Brown graduated from Emerson College in Boston with a self-directed degree in theatrical makeup. In 1980, she moved to NYC to work as a professional makeup artist. Brown became known for a makeup style that included moderate and natural tones, which was a stark contrast to the bright colors used at the time.
A chance meeting with an NBC Today Show producer led to her 12-year run as a regular beauty consultant on the show. The revolutionary success of her makeup line prompted Estee Lauder to buy the company in 1995, retaining Brown as an employee. Her work has since been featured on the covers of magazines such as Elle, Vogue, Self, and Town & Country. Brown was inducted into the New jersey Hall of Fame as part of the Class of 2013. Brown served as Yahoo Beauty’s Editor-in-Chief from February 2014 to February 2016. In November 2017, Brown received the Women’s Entrepreneurship Day Pioneer Award for her work in Beauty.
In 1990, Brown worked with a chemist to come up with ten natural lipstick shades. In 1991, the ten shades debuted under the name Bobbi Brown Essentials at Bergdorf Goodman. She was expecting to sell 100 in a month but instead sold 100 in a day. The following year, she released yellow-toned foundation sticks.

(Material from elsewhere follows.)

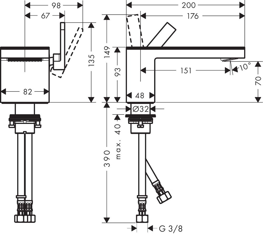• består av: 1-grepps tvättställsblandare, platta, bottenventil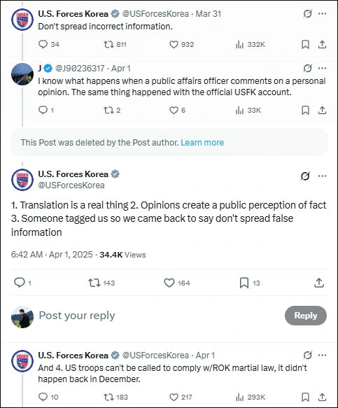 韩国网民在X平台上留言“如果山火与中国有关,美军可以到场” 韩国《逐日经济消息》 在遭到该用户质疑“是否精确明白了韩语”时,驻韩美军账号再次回复夸大:“翻译没标题;观点会塑造公众对毕竟的认知;有人标记了我们,以是我们回复说不要散播虚假信息。” “美军不会服从韩国戒严令,客岁12月也没有发生这种环境。”驻韩美军账号增补道。客岁12月,韩国总统尹锡悦忽然公布天下范围内实行告急戒严令,但仅6个多小时后便公布清除。 《逐日经济消息》称,驻韩美军官方账号对个人用户言论作出云云回应实属有数。 现在,上述涉及中国的帖文已被发布用户自行删除。

Estée Lauder Companies Inc. bought Bobbi Brown Essentials in 1995; Brown retained complete creative control of the makeup line. In 2007, the first freestanding Bobbi Brown Cosmetics retail store opened in Auckland, New Zealand with a makeup school in the back. In 2012, Bobbi Brown’s cosmetics were estimated to represent approximately ten percent of Estée Lauder Companies’ total sales. As of January 2014, there were approximately thirty free-standing Bobbi Brown cosmetics stores.
Why Did She Leave?
Flipping through Bobbi Brown’s latest book, Beauty from the Inside Out, you’ll notice the makeup section is all the way at the end, practically an afterthought. That’s because Brown’s newest chapter in life is more about inner beauty than outer appearance. “In all my books, there were things about how food, drinking water, and lifestyle are going to make you the best version of yourself,” (she tells SELF), but the advice was complementary to a central focus on cosmetics. This time, she wanted to go all in. “I really tried to talk my publisher into letting me do a full-on health and wellness book,” she says. “We had to compromise and put some makeup in the back of the book.”

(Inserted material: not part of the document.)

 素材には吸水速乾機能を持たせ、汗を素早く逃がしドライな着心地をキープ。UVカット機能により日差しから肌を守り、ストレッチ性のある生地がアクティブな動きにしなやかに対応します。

At the end of 2016, Brown announced that she was leaving her namesake makeup brand. To say beauty industry insiders were shocked would be an understatement. After two decades as the first and last name in makeup for many women, Brown had expanded her presence even more in recent years. She served as the editor-in-chief of Yahoo Beauty’s ambitious editorial relaunch in 2014 and still found time to for a personal blog, Everything Bobbi, where she gave readers an inside look at the inspiration behind her product launches, as well as her sartorial favorites.

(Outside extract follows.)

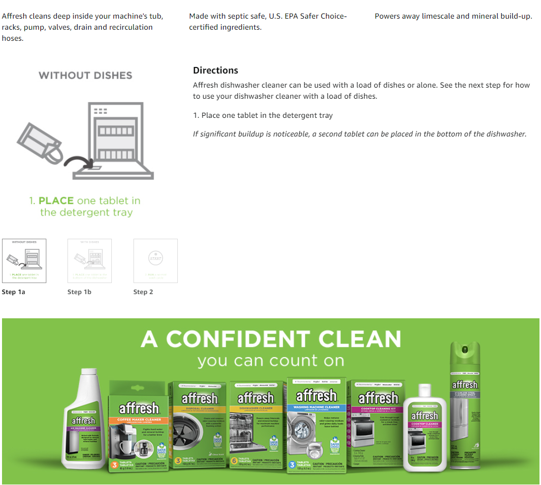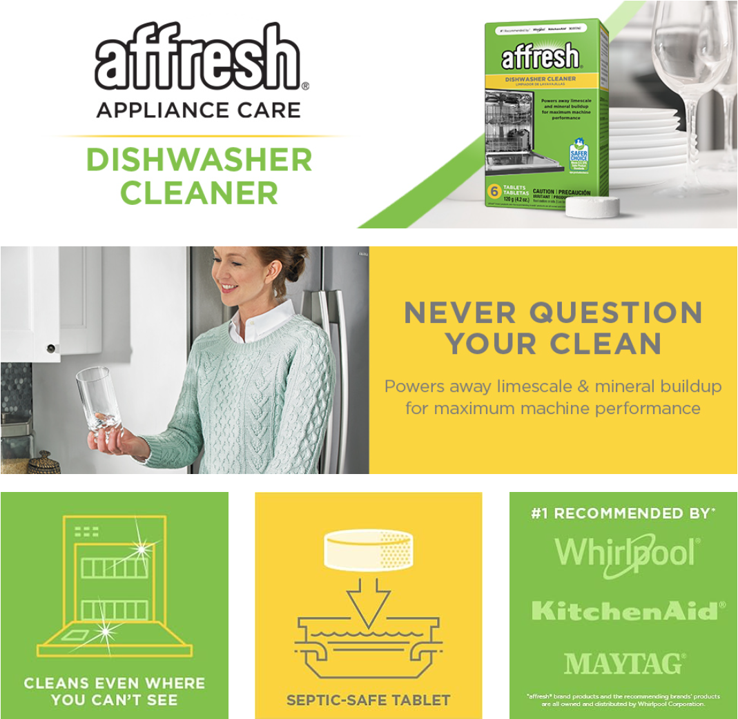 - No.1 Recommended by Whirlpool, KitchenAid, Maytag and Amana brands (affresh brand products and the recommending brands' products are all owned and distributed by Whirlpool Corporation)

But behind the scenes, Brown’s mood was shifting. Makeup no longer felt to her like the be-all-end-all of beauty, and the trends of the day were starting to wear her down. “It was not an overnight decision,” she says. “I was able to move into something I believe in 100 percent and not have to argue with people about another contour palette that I refuse to do.” As of January 1, 2017, Brown officially stepped away from her role as chief creative officer of the brand, her name the only remnant of her influence.